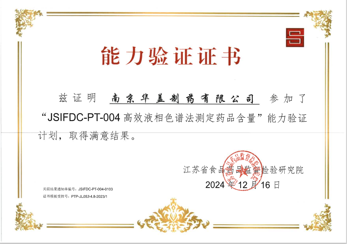 南京華蓋制藥質量控制實驗室參加了2024年度江蘇省食品藥品監(jiān)督檢驗研究院JSIFDC-PT-003紫外吸收系數(shù)法測定藥品含量、JSIFDC-PT-00高效液相色譜法測定藥品含量兩項能力驗證,并于2024年12月23日收到兩份能力驗證證書和結果通知單,兩項能力驗證均取得滿意結果!
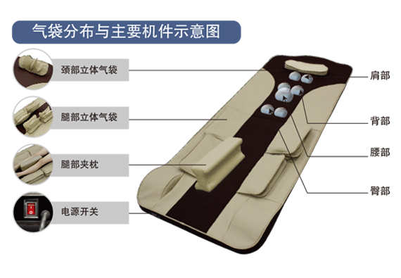 EMK-608 provides comprehensive air-bags location, delivering the comfortable massage to neck, shoulder, back, waist, buttocks and feet.
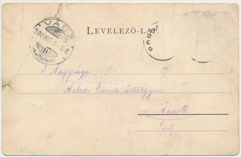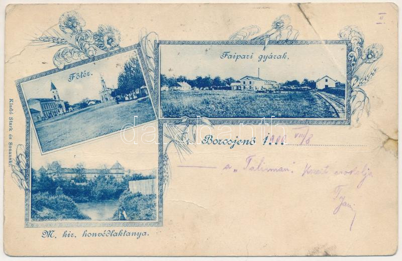 1900 Borosjenő, Borosineu, Ineu; Fő tér, M. kir. honvédlaktanya, Faipari gyárak. Stark és Sozanski kiadása / main square, K.u.K. military barracks, wood industry factory. Art Nouveau, floral (b)
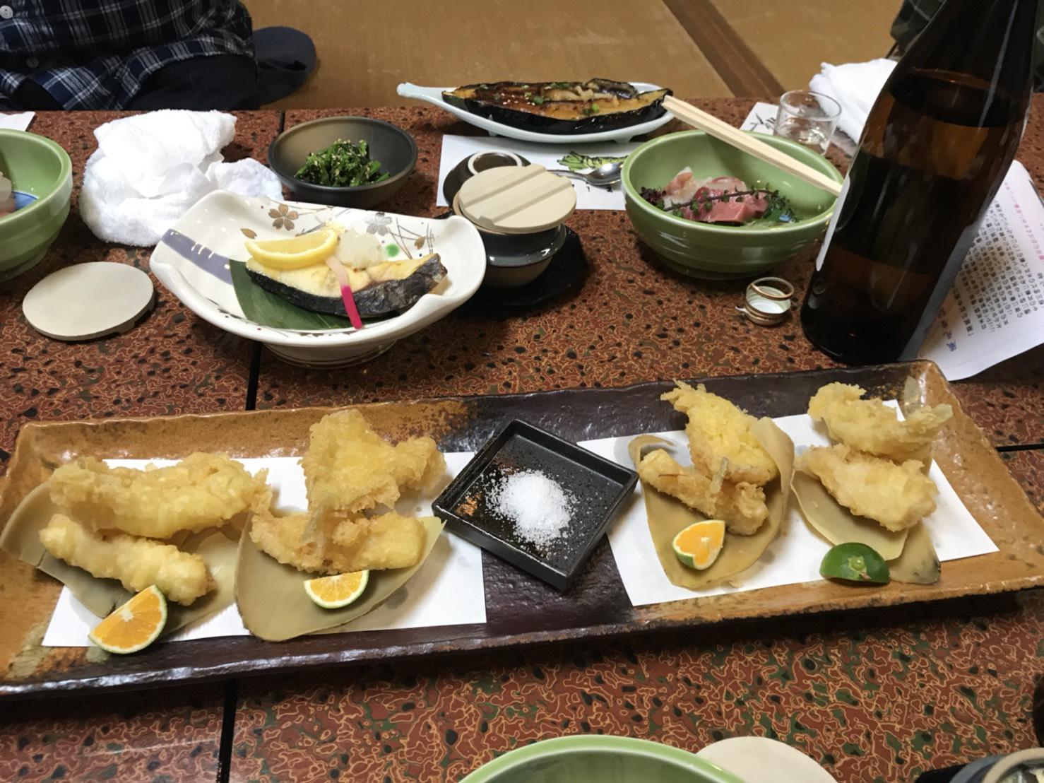 続いて、八代目蔵元が創った新ブランド『彦市シリーズ』を頂きました!純米生原酒の荒走りは、シャーベットのような清涼感溢れる味わいで、一気に気分がリフレッシュします。地元大洗で栽培した『こしかぐら』で仕込んだ純米吟醸は、上品な果実の香りと柔らかな後口が感じられました。この日の料理は、刺身の三点盛に始まって、菜の花のお浸し、具沢山の茶碗蒸し、焼き魚に茄子田楽、旬のタケノコを使ったてんぷら盛り合わせと出揃い、最後は握り寿司と巻物で〆ました。酒の肴にぴったりの料理が、参加者の舌を楽しませてくれました。
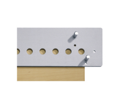 • Erste Lochreihenbohrung für Verbindungsbeschläge (für 16 mm und 19 mm Bodenstärke)
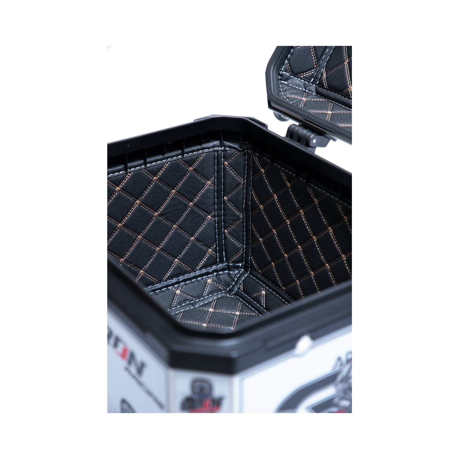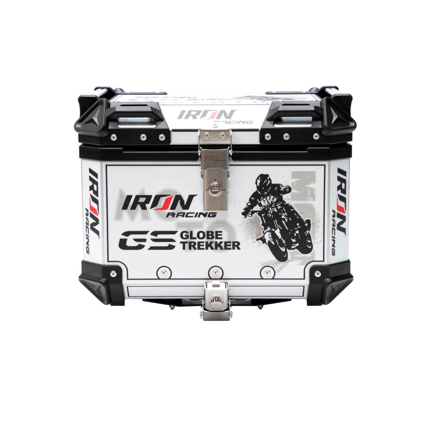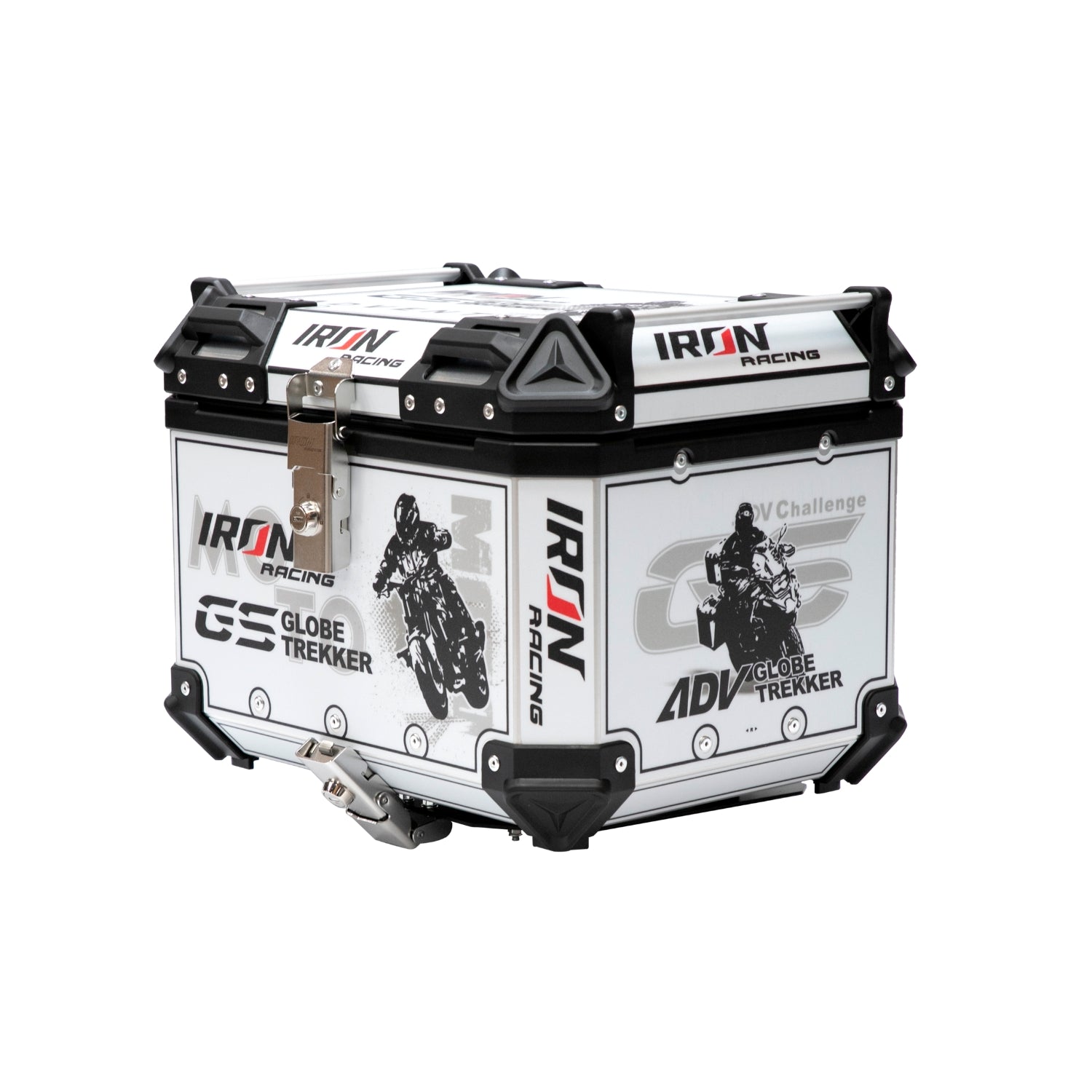 Con el maletero portaequipaje de lujo Cool Silver de 45 Litros de la marca Iron Racing tendrás la combinación de resistencia y lujo exclusivo para un motero aventurero, gracias a que se encuentra en su exterior fabricado en 100% aluminio reforzado altamente resistente a las diferentes condiciones climáticas, interior totalmente sellado se encuentra recubierto de cuero para proteger tu casco y prendas importantes.
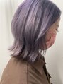 ハイトーンにラベンダーをオン。一度全体ブリーチをしてから色味を入れていきます!モデルさんは今までのブリーチ履歴は5回以上です。ラベンダーがガッツリ入っていますが色落ちはホワイトグレーからホワイトベージュに段階を踏んで色落ちも楽しめます!
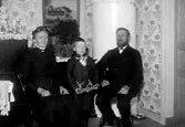 FAMILJ STÅENDE I TRÄDGÅRDEN FRAMFÖR HUSET.
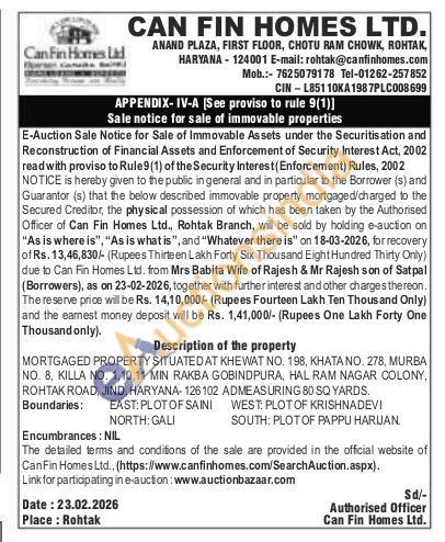 MORTGAGED PROPERTY SITUATED AT KHEWAT NO. 198, KHATA NO. 278, MURBA NO. 8, KILLA NO. 1,10,11 MIN RAKBA GOBINDPURA, HAL RAM NAGAR COLONY, ROHTAK ROAD, JIND, HARYANA-126102 ADMEASURING 80 SQ YARDS.
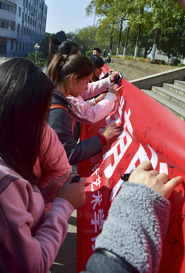 近日,学海三栋贵重物品被盗,给一些同学带来了严重财产损失。晏莉老师强调讲了宿舍安全问题,指出大学生要有安全意识、财产保护意识,还要注意网络安全问题,不轻易泄漏个人信息,网上钱财交易要慎重,提醒同学不要依赖校园贷。本月是考试诚信月,即将迎来英语四六级考试,呼吁广大学生要诚信考试。随后,张澎老师对日常旷课、早签到、晚归、宿舍大功率等情况进行了通报并总结,继而宣读了文明寝室称号获奖名单、防艾滋活动荣誉班级奖。最后,举行诚信教育签字仪式,各班级有秩序地上前签字。
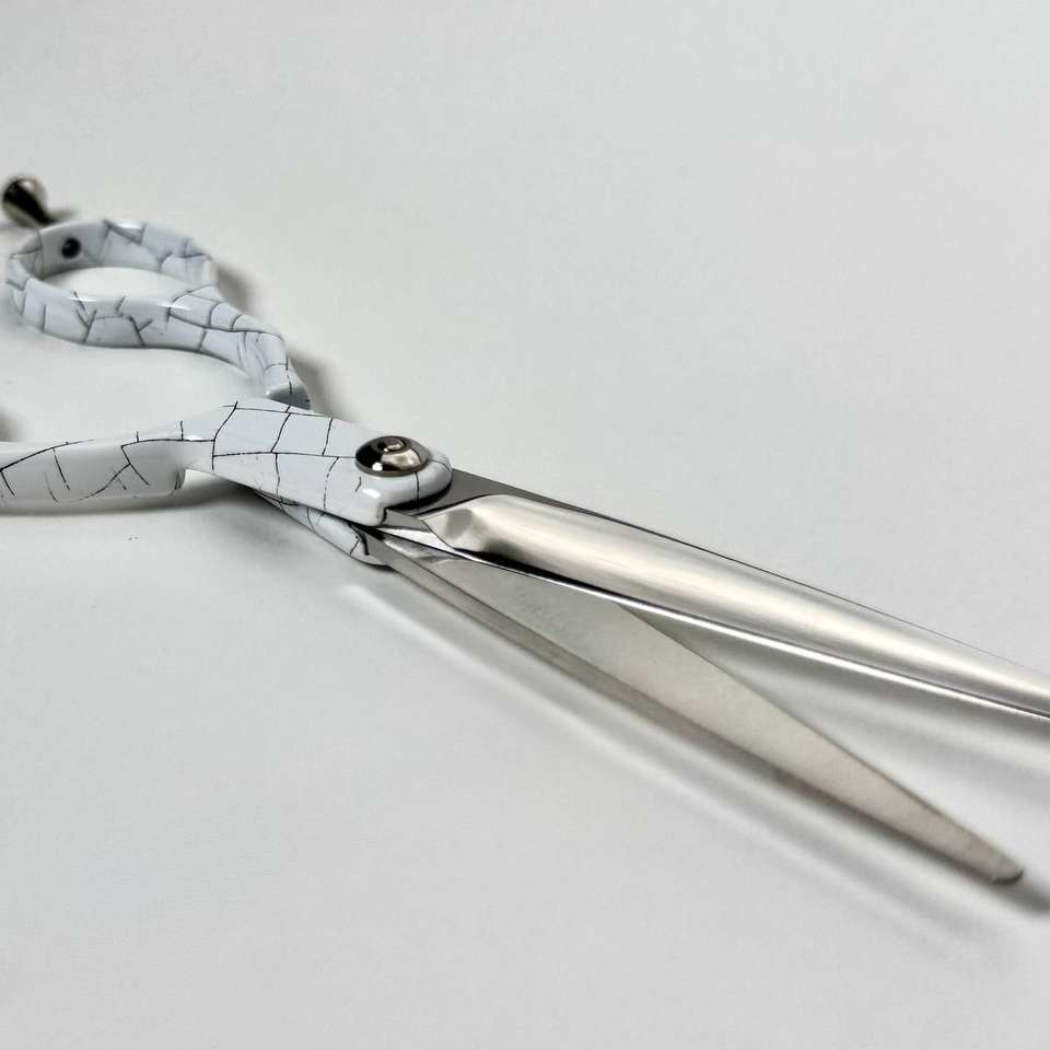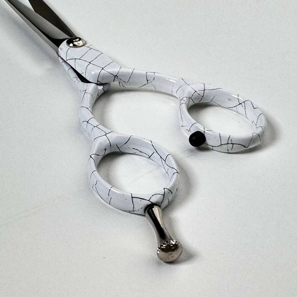 กรรไกรตัดผมปลายแหลมคมกริบ ทำจากสแตนเลสคุณภาพสูง ปรับแต่งได้ ขนาด 5.5 นิ้ว ใบมีดตรง สำหรับคนถนัดขวา สีขาวลายแตก

#### [What the task requires]
In the entries above, every line from the line with "Con el maletero" to the line with "FAMILJ STÅENDE I TRÄDGÅRDEN FRAMFÖR HUSET." is to be printed exactly, with both ends included and pictures excluded.

#### [Written solution]
 Con el maletero portaequipaje de lujo Cool Silver de 45 Litros de la marca Iron Racing tendrás la combinación de resistencia y lujo exclusivo para un motero aventurero, gracias a que se encuentra en su exterior fabricado en 100% aluminio reforzado altamente resistente a las diferentes condiciones climáticas, interior totalmente sellado se encuentra recubierto de cuero para proteger tu casco y prendas importantes.
 ハイトーンにラベンダーをオン。一度全体ブリーチをしてから色味を入れていきます!モデルさんは今までのブリーチ履歴は5回以上です。ラベンダーがガッツリ入っていますが色落ちはホワイトグレーからホワイトベージュに段階を踏んで色落ちも楽しめます!
 FAMILJ STÅENDE I TRÄDGÅRDEN FRAMFÖR HUSET.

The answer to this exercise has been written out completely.